**What the task requires:**
An exact reproduction of all the entries is what the answer must contain.

**Data to use:**
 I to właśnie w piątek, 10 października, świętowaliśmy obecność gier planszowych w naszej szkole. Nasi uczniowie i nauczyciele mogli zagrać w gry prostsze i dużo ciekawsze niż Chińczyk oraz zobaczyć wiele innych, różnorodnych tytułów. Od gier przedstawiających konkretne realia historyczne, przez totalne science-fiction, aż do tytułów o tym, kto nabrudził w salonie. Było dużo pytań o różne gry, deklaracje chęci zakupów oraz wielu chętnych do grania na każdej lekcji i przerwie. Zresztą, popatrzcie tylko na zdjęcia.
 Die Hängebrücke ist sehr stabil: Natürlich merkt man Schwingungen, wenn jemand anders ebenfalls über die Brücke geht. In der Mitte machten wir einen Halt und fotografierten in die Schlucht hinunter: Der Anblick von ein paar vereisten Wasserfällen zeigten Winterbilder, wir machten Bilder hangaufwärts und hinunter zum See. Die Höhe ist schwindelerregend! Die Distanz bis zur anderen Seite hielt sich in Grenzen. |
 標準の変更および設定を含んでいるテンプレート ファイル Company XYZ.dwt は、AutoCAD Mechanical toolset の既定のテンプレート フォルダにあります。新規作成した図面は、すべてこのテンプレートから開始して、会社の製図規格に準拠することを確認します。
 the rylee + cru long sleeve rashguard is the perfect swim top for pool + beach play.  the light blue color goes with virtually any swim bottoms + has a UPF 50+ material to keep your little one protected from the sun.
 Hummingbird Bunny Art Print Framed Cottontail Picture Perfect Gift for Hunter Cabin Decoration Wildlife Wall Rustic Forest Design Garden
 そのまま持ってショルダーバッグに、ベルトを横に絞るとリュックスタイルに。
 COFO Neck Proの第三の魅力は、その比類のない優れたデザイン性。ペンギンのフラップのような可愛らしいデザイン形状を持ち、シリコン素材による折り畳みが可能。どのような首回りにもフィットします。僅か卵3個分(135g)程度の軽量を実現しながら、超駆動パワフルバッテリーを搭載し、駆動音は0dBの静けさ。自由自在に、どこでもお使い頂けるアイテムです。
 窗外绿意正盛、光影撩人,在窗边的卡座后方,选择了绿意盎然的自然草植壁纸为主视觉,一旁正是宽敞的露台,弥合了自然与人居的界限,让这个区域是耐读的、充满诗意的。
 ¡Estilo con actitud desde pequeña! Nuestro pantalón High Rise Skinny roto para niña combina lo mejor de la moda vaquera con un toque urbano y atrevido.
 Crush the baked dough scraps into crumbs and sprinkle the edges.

**Task solution:**
 I to właśnie w piątek, 10 października, świętowaliśmy obecność gier planszowych w naszej szkole. Nasi uczniowie i nauczyciele mogli zagrać w gry prostsze i dużo ciekawsze niż Chińczyk oraz zobaczyć wiele innych, różnorodnych tytułów. Od gier przedstawiających konkretne realia historyczne, przez totalne science-fiction, aż do tytułów o tym, kto nabrudził w salonie. Było dużo pytań o różne gry, deklaracje chęci zakupów oraz wielu chętnych do grania na każdej lekcji i przerwie. Zresztą, popatrzcie tylko na zdjęcia.
 Die Hängebrücke ist sehr stabil: Natürlich merkt man Schwingungen, wenn jemand anders ebenfalls über die Brücke geht. In der Mitte machten wir einen Halt und fotografierten in die Schlucht hinunter: Der Anblick von ein paar vereisten Wasserfällen zeigten Winterbilder, wir machten Bilder hangaufwärts und hinunter zum See. Die Höhe ist schwindelerregend! Die Distanz bis zur anderen Seite hielt sich in Grenzen. |
 標準の変更および設定を含んでいるテンプレート ファイル Company XYZ.dwt は、AutoCAD Mechanical toolset の既定のテンプレート フォルダにあります。新規作成した図面は、すべてこのテンプレートから開始して、会社の製図規格に準拠することを確認します。
 the rylee + cru long sleeve rashguard is the perfect swim top for pool + beach play.  the light blue color goes with virtually any swim bottoms + has a UPF 50+ material to keep your little one protected from the sun.
 Hummingbird Bunny Art Print Framed Cottontail Picture Perfect Gift for Hunter Cabin Decoration Wildlife Wall Rustic Forest Design Garden
 そのまま持ってショルダーバッグに、ベルトを横に絞るとリュックスタイルに。
 COFO Neck Proの第三の魅力は、その比類のない優れたデザイン性。ペンギンのフラップのような可愛らしいデザイン形状を持ち、シリコン素材による折り畳みが可能。どのような首回りにもフィットします。僅か卵3個分(135g)程度の軽量を実現しながら、超駆動パワフルバッテリーを搭載し、駆動音は0dBの静けさ。自由自在に、どこでもお使い頂けるアイテムです。
 窗外绿意正盛、光影撩人,在窗边的卡座后方,选择了绿意盎然的自然草植壁纸为主视觉,一旁正是宽敞的露台,弥合了自然与人居的界限,让这个区域是耐读的、充满诗意的。
 ¡Estilo con actitud desde pequeña! Nuestro pantalón High Rise Skinny roto para niña combina lo mejor de la moda vaquera con un toque urbano y atrevido.
 Crush the baked dough scraps into crumbs and sprinkle the edges.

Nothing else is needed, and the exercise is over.